Potential general limitations:

  • Charismatic megafauna might be more heavily surveyed.
  • Data availability is weighted heavily towards areas that are of particular interest to researchers (e.g. national parks and certain ecosystem types).
  • Data availability is dependent on researchers knowing about the CNDDB and choosing to share their survey data.
  • Private land might not be well surveyed due to issues of access to land for research.

Potential desert-related limitations4:

  • Most botanical surveys are conducted in the spring in favored wildflower areas. Plants that grow or flower at other times of year are not well-surveyed.
  • Old collection data might need to be re-surveyed to determine if species are still present.
  • Surveys tend to occur on lands scheduled for some type of land use change, leaving many natural areas under-represented in the CNDDB.
  • Once areas are developed or an area is degraded, usually no follow-up survey is conducted.
  • Species may no longer be present in areas that have been developed, but have not been removed from the database.
  • Survey data may be concentrated around roads since those areas are easier to access.
  • Large areas have not been surveyed.

We acknowledge that the data used to create this tool is far from complete. It has been impressed upon us by several interviewees5 that the desert is not well-studied relative to other ecosystems and that current and/or complete data is sorely lacking. Nevertheless, we believe that the overall results are useful even with these data issues and hope that users will take the following ideas and associated techniques, and expand on them to improve the accuracy and completeness of analysis.
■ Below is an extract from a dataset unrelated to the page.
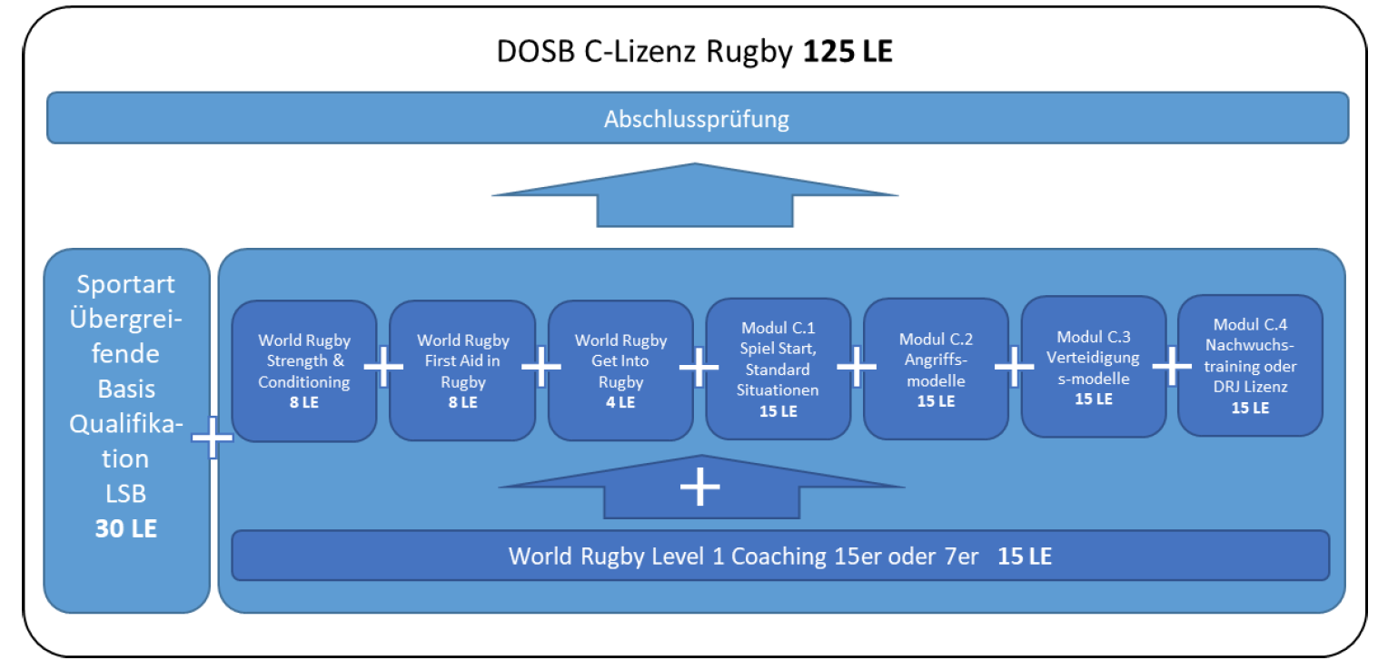 Diese Ausbildungsreihe ist ausschließlich für den Neuerwerb einer DOSB C-Trainer Lizenz Sportart Rugby konzipiert. Die Ausbildung muss in vollem Umfang und ohne Fehlzeiten absolviert werden. Eine Teilnahme an einzelnen Modulen zu Fortbildungs- bzw. Verlängerungszwecken ist nach Absprache mit der Ausbildungsleitung des anbietenden Landesverbands möglich.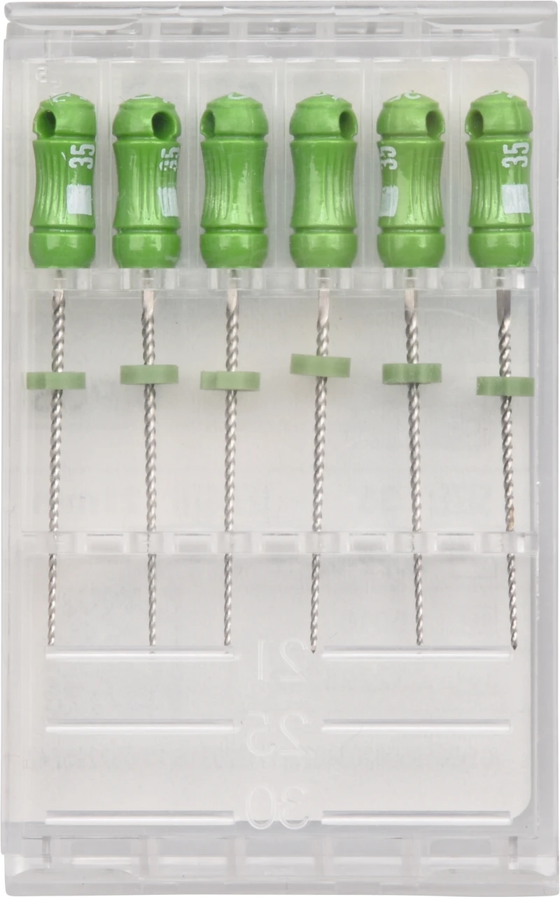 Die K-Feile ist die stärkste unter den Handfeilen mit geringem Bruchrisiko. Mit K-Feilen können Obliterationen wesentlich einfacher überwunden werden.Sie wurden mit dem Ziel entwickelt, während der Instrumentierung ein geschmeidiges, taktiles Gefühl zu erzeugen.

1 California Department of Fish and Game, California Natural Diversity Database, http://www.dfg.ca.gov/biogeodata/cnddb/.
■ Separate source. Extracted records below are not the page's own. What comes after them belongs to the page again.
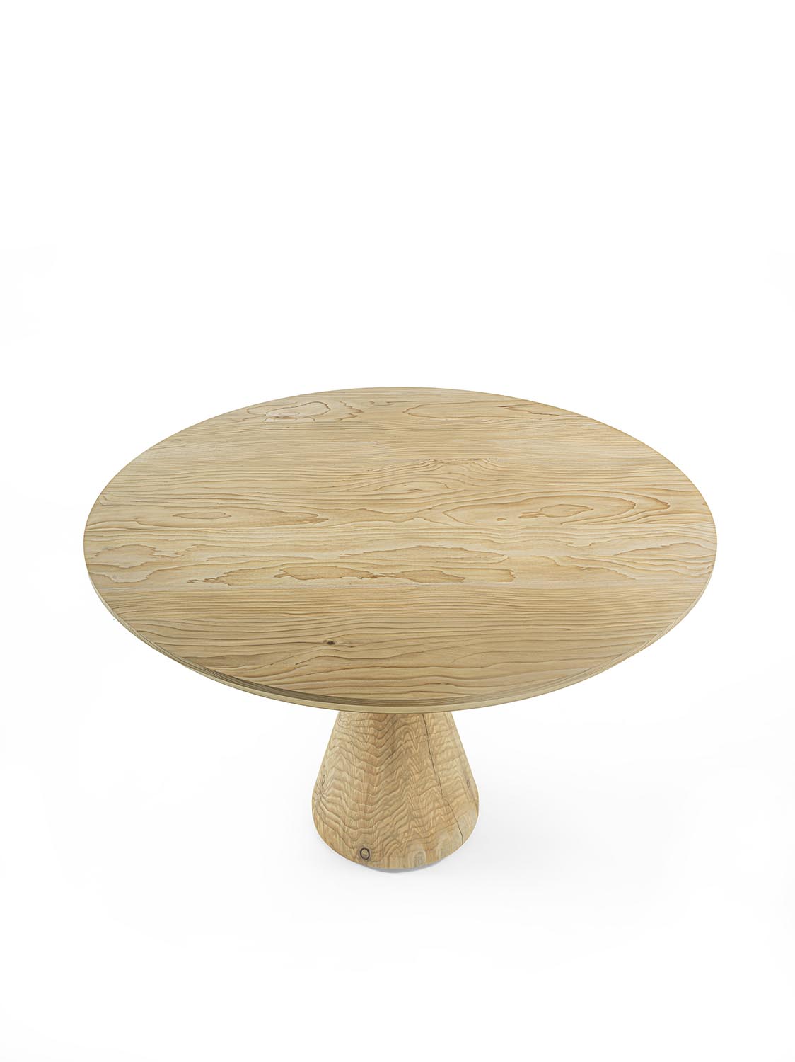 Стол со столешницей из массива кедра. Основание, также выполненное из массива кедра и вырезанное из цельного блока, представляет собой два противоположных конуса, перевернутых относительно друг друга, что создает игру контрастов и определяет скульптурную опору с сильным материальным и формальным воздействием.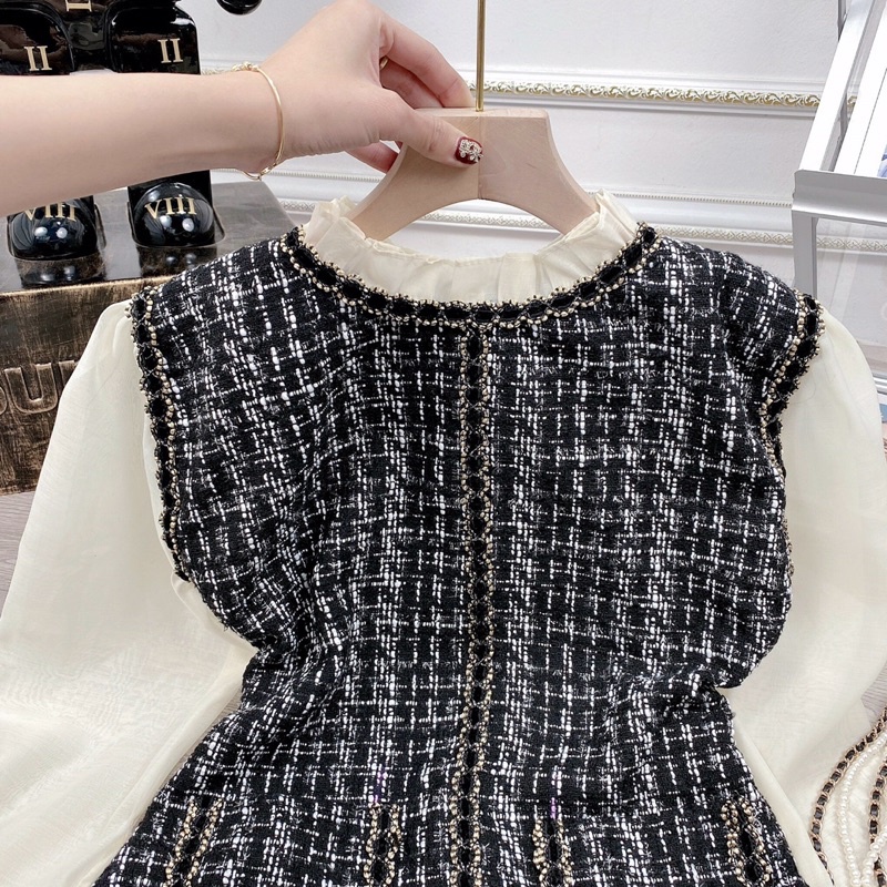 ☃️☃️ 𝗩𝗔́𝗬 𝗗𝗔̣ 𝗞𝗘̉ 𝗣𝗛𝗢̂́𝗜 𝗧𝗔𝗬 𝗩𝗢𝗔𝗡 🍀🍀 Sẵn kho váy dạ kẻ phối tay và cổ voan xinh xẻo, mix bốt diện Tết tiệc tùng cuối năm nổi bật nhé các cô gái. Hàng may 2 lớp lót cực đẹp, vải ánh kim tuyến xịn sò. Phom 55kg đổ lại. Giá #235k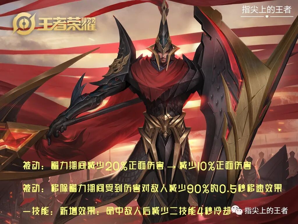 蒙恬的调整幅度比较大,首先被动技能的正面免伤效果从20%降至10%,并且移除了蓄力期间挨打时对敌人的减速,但是增加了1技能命中敌人后减少4秒冷却的机制。

2 California Natural Diversity Database, How to Read RareFind 3 Reports, 2007 (Sacramento, CA).

3 Roxanne Bittman, Lead Botanist, California Natural Diversity Database, Personal Communication, November 12, 2009.

4 Roxanne Bittman, Lead Botanist, California Natural Diversity Database, Personal Communication, November 12, 2009.

5 Jim Andre, Director, Sweeney Granite Mountain Desert Research Center; Roxanne Bittman, Lead Botanist, California Natural Diversity Database; Michael Connor, California Science Director, Western Watersheds Project; Frank Davis, Professor, University of California, Santa Barbara; Robert Fulton, Manager, CSU Desert Studies Center; Debra Hughson, Science Advisor, Mojave National Preserve; Kristeen Penrod, Conservation Director, Science and Collaboration for Connected Wildlands; Personal Communication, October – December 2009.